The emergence of formalised belief systems

The tribal society started to changes once the agriculture revolution took hold.. This started some 10,000 years ago and made it possible to produce food much more efficient. This opened the opportunity to wealth-creation and because there was a lesser need for hunting and gathering, people started to stay in what became the first towns and villages in Mesopotamia and the Indus Valley. The combination of these developments also led to the need of protecting the newly created wealth and this led to the arrival of a small local elite.

The animistic belief system was no longer relevant within these newly emerging cit-based  societies and a new belief system started to emerge moulded around this new situation.

When the first city states started to emerge, there was a need for the local elite to have more formal rules and regulations. To enforce these rules and to give them legitimacy it was opportune to develop a new belief system that started to see spirits moving into deities and gods, There was a gradual replacement of their previous tribal belief system. For a while a mixture of old and new belief systems evolved but in the end the new system supported by the elite emerged. Outside the cities the old belief systems continued for thousands of years, with or without some new elements of the new belief system added to it.

The trances, communal dances and tribal rituals became more formalised. Prayers, shrines, libations, festival days and feast replaced the old spiritual traditions but basically played a similar role, keeping the people in the city together and reaping the social benefits of this cohesion. The spiritual and social developments in the Near East (Mesopotamia and Egypt) are good examples of these developments.

The big change was that now secular elements were included in that belief system which allowed the rulers to exercise power over their people. They used the many unexplained aspects of life and death to exert their power and created a society where they claimed to be able to influence the worldly affairs through direct links with the gods and the deities. Elaborate rituals were developed and used to evoke emotions that assisted them in claiming their special link with the god or even to claim that their king was a god (they were nearly all male).

Many stories in the Bible, the Torah and the Quran relate to this changing period from nomadic tribes to settled farmers. This happened in many parts of the Fertile Crescent in the Middle East Once settled they claimed a God-given right to those lands and to their superiority. They used the rule of the strongest and resorted to violence to create new cohesive societies. To enforce their authority on these people they demanded sacrifice and subordination.

The belief stories from these communities reflect the experiences of many of the hunter gathering societies moving into agriculture.
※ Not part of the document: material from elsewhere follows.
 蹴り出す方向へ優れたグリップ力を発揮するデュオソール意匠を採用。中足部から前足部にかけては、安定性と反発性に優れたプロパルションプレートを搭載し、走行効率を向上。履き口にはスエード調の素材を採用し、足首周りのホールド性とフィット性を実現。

So, in that respect these stories are extremely important to understand the move from the early tribal belief systems towards the more institutionalised forms of religion. Interestingly we can still recognise elements from those pagan beliefs in the so-called Holy Books. If one further unravels these Books than we see that they contain very relevant moral and ethical lessons. This is a clear continuation from the messages from the tribal communities which you can still find in for example the Aboriginal Dreamtime stories. At the same time, these Books continued to include secular law elements now more finetuned to give the rulers the religious legitimacy to exert their power over the people they were ruling. There was no division between the secular and the ecclesiastic. The Torah is perhaps the most prescriptive. Regulating all aspects in life often in minute detail.
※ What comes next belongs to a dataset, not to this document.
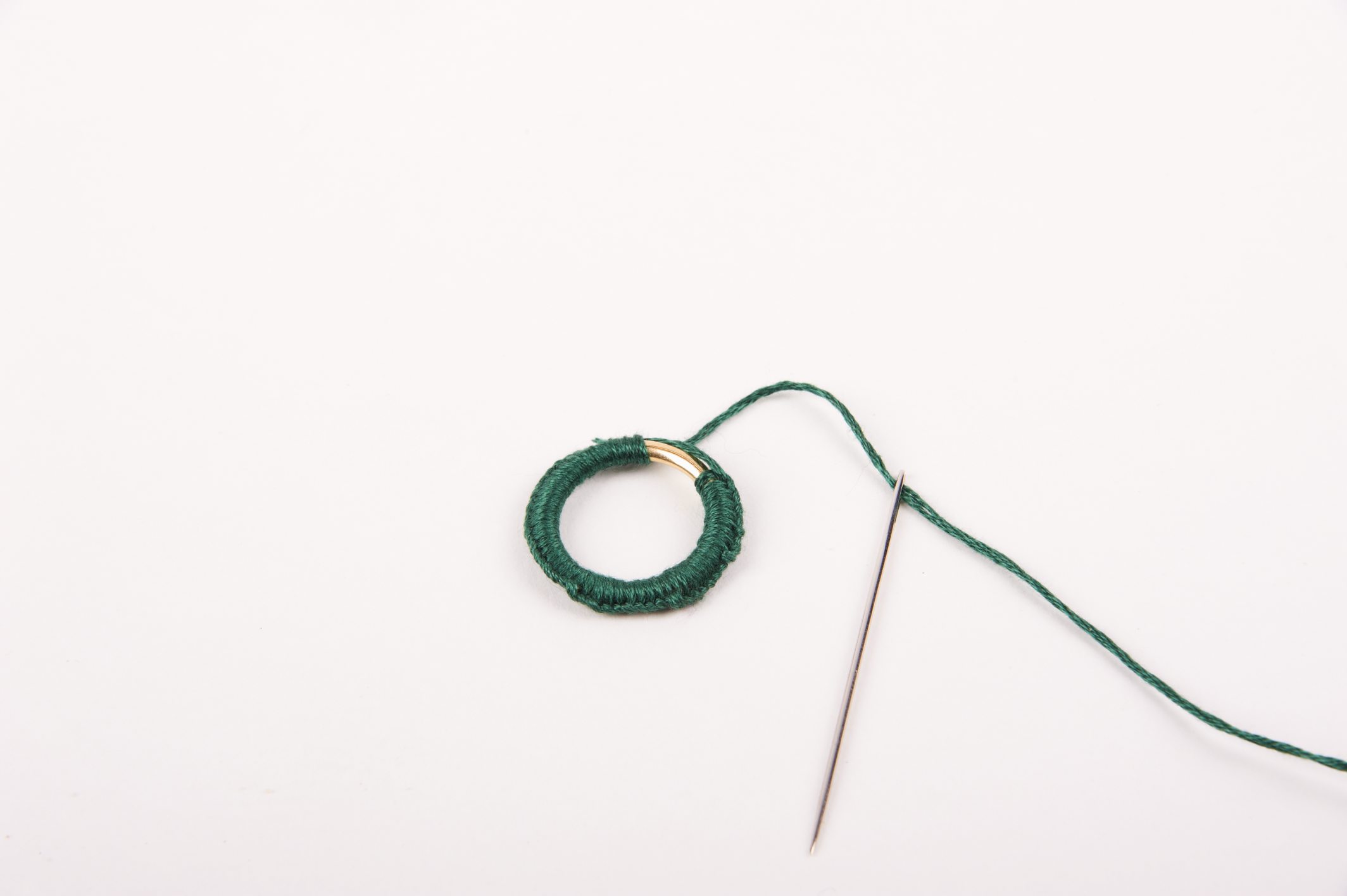 Den Ring sehr dicht mit Knoplochstichen wie gezeigt umstechen.

These changes in society and religion were rather universal through the lands where the agriculture revolution started as well as in the regions in which it over time expanded. The old tribal based pagan believe systems were institutionalised into more sophisticated religious systems. The external powers became more and more personified and received human images.

When these agriculture societies grew, the systems around them became more complex and with this the belief systems became more complex. The Hittites for example ended up with 20,000 gods. One of the Queens launched a rationalisation process as the religious complexity had a negative effect on the ruling of its empire.

The Greeks went perhaps the furthest in the process of the personification of the gods, who were even frolicking around on earth. At the same time it were also the Greek with people such as Aristotle who started to use what we now call empirical science to provide a different view on how to experience the world around them.